Sporulated cells have potential as time-delayed expression chassis of proteins for applications such as "on-demand" biologics production, whole cell biosensors, or oral vaccines. However, the desired attributes of high expression rates and low product variances are difficult to maintain from germinated spores. In this work, we study the effect of an integrating vs theta-replicating plasmid in a wild-type Bacillus subtilis and two PolY mutants. The cells were engineered to produce a fluorescent reporter protein (RFP) under the control of a riboswitch activated by theophylline. This allowed for greater sensitivity to point mutations. The fluorescence and cell-growth curves were fit with a custom kinetic model, and a peak kinetic rate (LKPmax) was extracted for each clonal population (n = 30 for all cell, vector, and growth combinations).
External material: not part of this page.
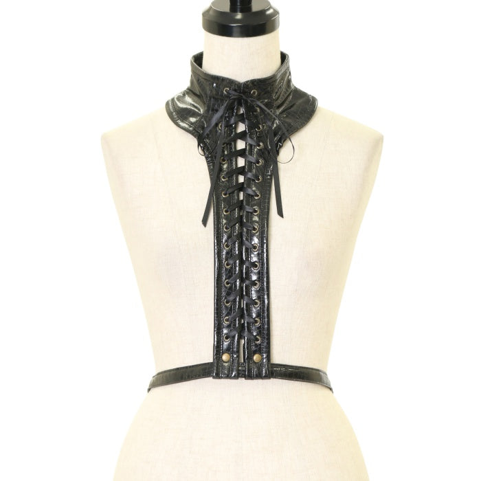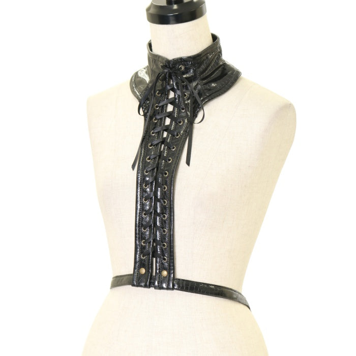 【USED】フェイクレザーロングネックコルセット(エンボス)

Plasmid-based expression yields higher (8.7×) expression rates because of an increased copy number of the expression cassette (10× over integrated). The variance of LKPmax values increased 2.1× after sporulation for the wild-type strain. This increase in variance from sporulation is very similar to what is observed with UV exposure. This effect can be partially mitigated by the use of PolY knockouts observed in suspended cell growths and adherent biofilms.
All Science Journal Classification (ASJC) codes
- Biomedical Engineering
- Biochemistry, Genetics and Molecular Biology (miscellaneous)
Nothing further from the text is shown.